Everyone In the Pool!

Santa Barbara 3rd graders learn how to swim and then get a taste of university life courtesy of the Early Academic Outreach Program

For 8-year-olds Jeremy Garcia and Daphne Salgado, the best part was jumping off the diving board. That’s quite a leap for a couple of third-graders who just a few weeks earlier weren’t sure they wanted to get in the pool at all.

Now they can tread water, float on their backs and swim 25 yards. And they have certificates to prove it.

Garcia and Salgado are among 32 third-graders from Santa Barbara’s Franklin Elementary School and Adelante Charter School who recently completed a series of nine free swim lessons at UC Santa Barbara’s aquatics complex. The lessons are part of the 3rd Grade Swim to College Program (3GSCP) sponsored by the Early Academic Outreach Program (EAOP). Taught by a group of undergraduates — all certified water safety instructors — and student volunteers from Dos Pueblos High School, the lessons took place over three weeks in January and February.

The next round of third-graders, from McKinley Elementary School and the Santa Barbara Community Academy, will make a splash in April.

“The idea is to enhance water safety,” said Britt Ortiz, EAOP director and one of the co-founders of the program. “The other is to teach lifelong skills — how to be healthy, how to engage with water, not just in swimming pools but in the ocean and in lakes and rivers.”

The lessons are provided in conjunction with the Santa Barbara School District’s A-OK (After School Opportunities for Kids) Program.

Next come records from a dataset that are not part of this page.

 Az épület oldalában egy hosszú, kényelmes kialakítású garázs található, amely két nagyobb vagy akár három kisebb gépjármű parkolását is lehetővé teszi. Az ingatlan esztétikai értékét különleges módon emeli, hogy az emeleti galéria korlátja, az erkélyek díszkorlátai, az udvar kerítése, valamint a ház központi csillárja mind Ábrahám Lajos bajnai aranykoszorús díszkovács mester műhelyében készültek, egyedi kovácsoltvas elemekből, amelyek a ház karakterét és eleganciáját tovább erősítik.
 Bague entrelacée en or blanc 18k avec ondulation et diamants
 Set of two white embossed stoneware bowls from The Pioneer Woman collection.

Following a pilot program with one school last spring, 3GSCP expanded its reach to include all six Santa Barbara elementary schools that host A-OK after-school programs. “A-OK’s grant is around academics, nutrition and physical fitness, so when we pitched the idea to the coordinators, they loved it,” said Ortiz. “Now we’re working with kids who qualify for free or reduced-cost meal programs and who are the least likely to have access to swim lessons.”

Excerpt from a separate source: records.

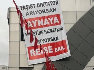 Pankartta, "Faşist diktatör arıyorsan aynaya, milletine hizmetkar arıyorsan reise bak." ifadelerine yer verildi.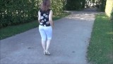 Public ass in white leggings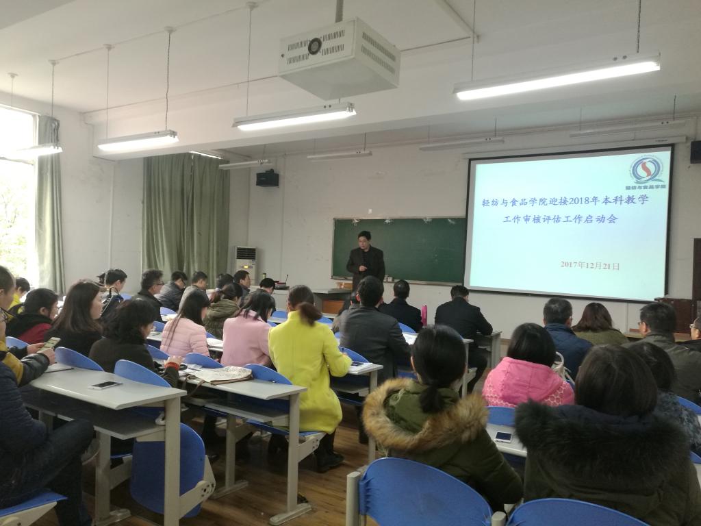2017年12月21日下午两点半,轻纺与食品学院迎接2018年本科教学工作审核评估工作启动会在纺工副楼205会议室召开。大会由教学副院长彭必雨教授主持,刘晓虎书记、何有节院长、冯国涛副书记、肖凯副院长和轻纺与食品学院全体教师参加了会议,傅师申教授作为特邀嘉宾也出席了此次会议。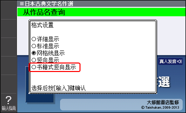 ③ー(5)按↓↑键选择“书籍式竖向显示”或“书籍式横向显示”后按[输入]键。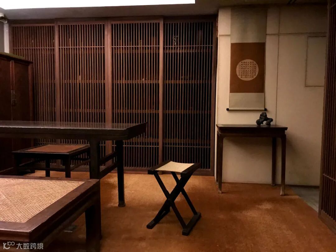 从大厅向右走,经过一面青石砖墙,就是大书房,四面书柜的书房裡,只有一张明式大木桌、和四张黄褐色沙发椅。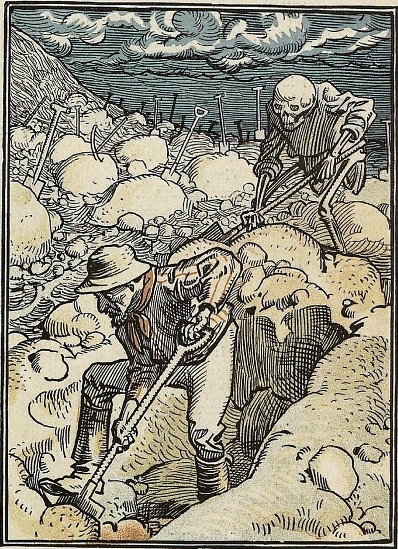 #vintage illustration #death #cemetery #skeleton #grim reaper #open grave #grave digger #digging your own grave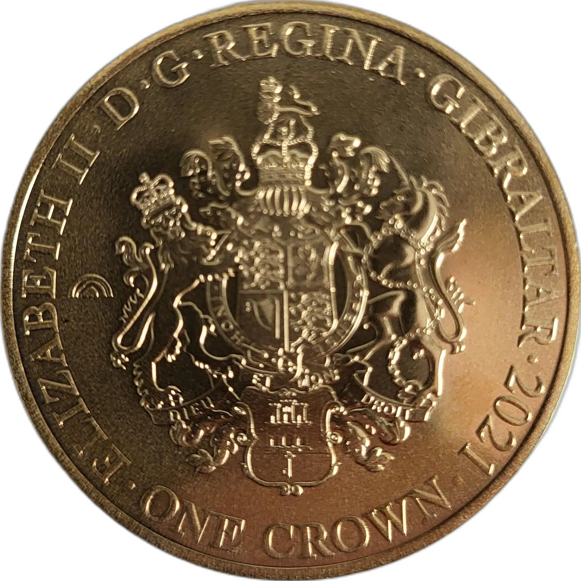 ELIZABETH 11 . D.G . REGINA . GIBRALTAR . 2021 . ONE CROWN

The program’s co-sponsor, the South Coast Community Aquatics Center, donates swimsuits, swimcaps, goggles and mesh equipment bags, all of which the students are allowed to keep when the lessons are finished.

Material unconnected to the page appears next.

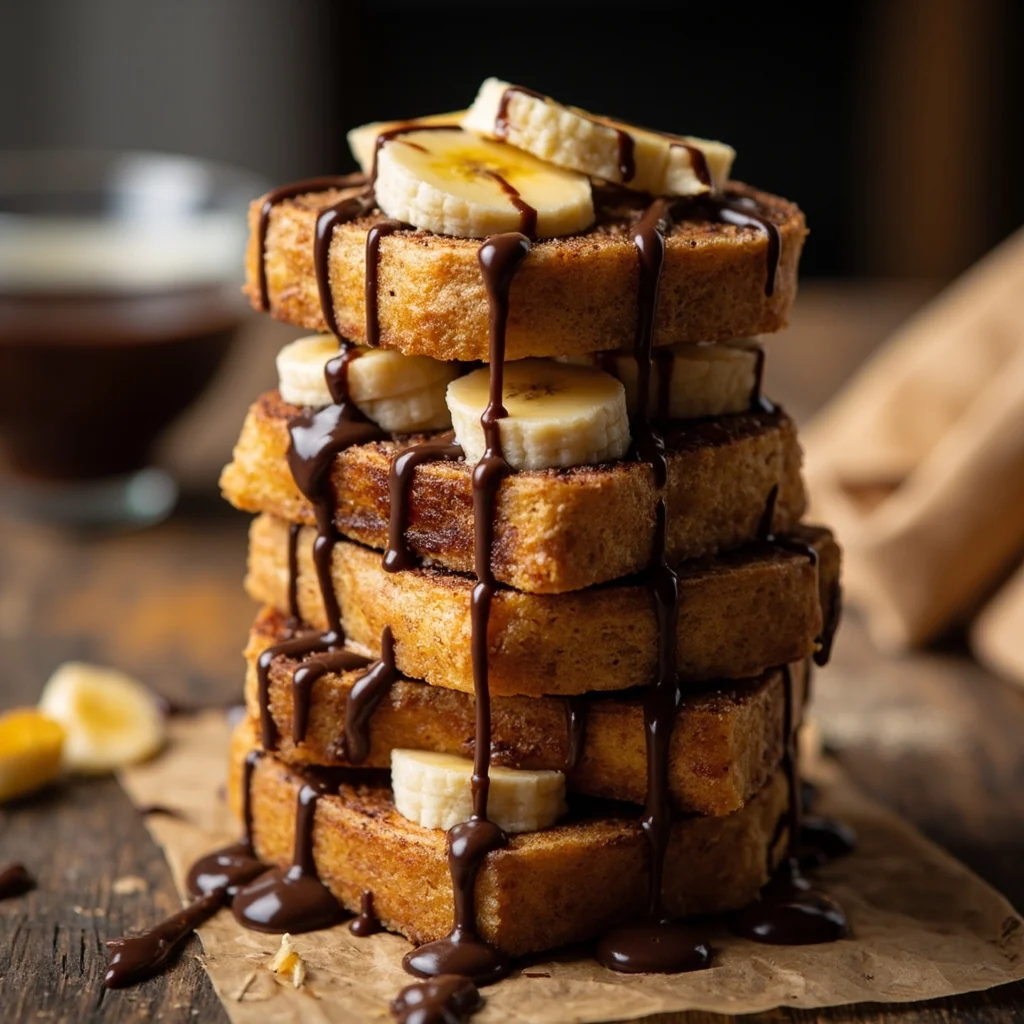 Disposer les cubes de pain perdu chauds dans des bols ou des assiettes. Ajouter une couche généreuse de tranches de banane fraîche entre les cubes de pain, puis parsemer de pépites de chocolat. La chaleur du pain fera fondre légèrement le chocolat.

As thrilling an experience as the lessons are for the third-graders, they are equally rewarding for the student instructors. “Most of the kids started out afraid to get in the water and afraid to get in the deep water,” said Abby Batcheller, a communication major who completed her first session as an instructor with the program. “And now they’re going off the diving boards and they love being in the water.”

“For me, the best experiences are the kids who come in terrified of getting in the water and then getting them to realize they’re having such fun while being safe,” said Micaela Baker, an English major and a 3GSCP veteran instructor. “They can now know they don’t have to be afraid of a body of water.”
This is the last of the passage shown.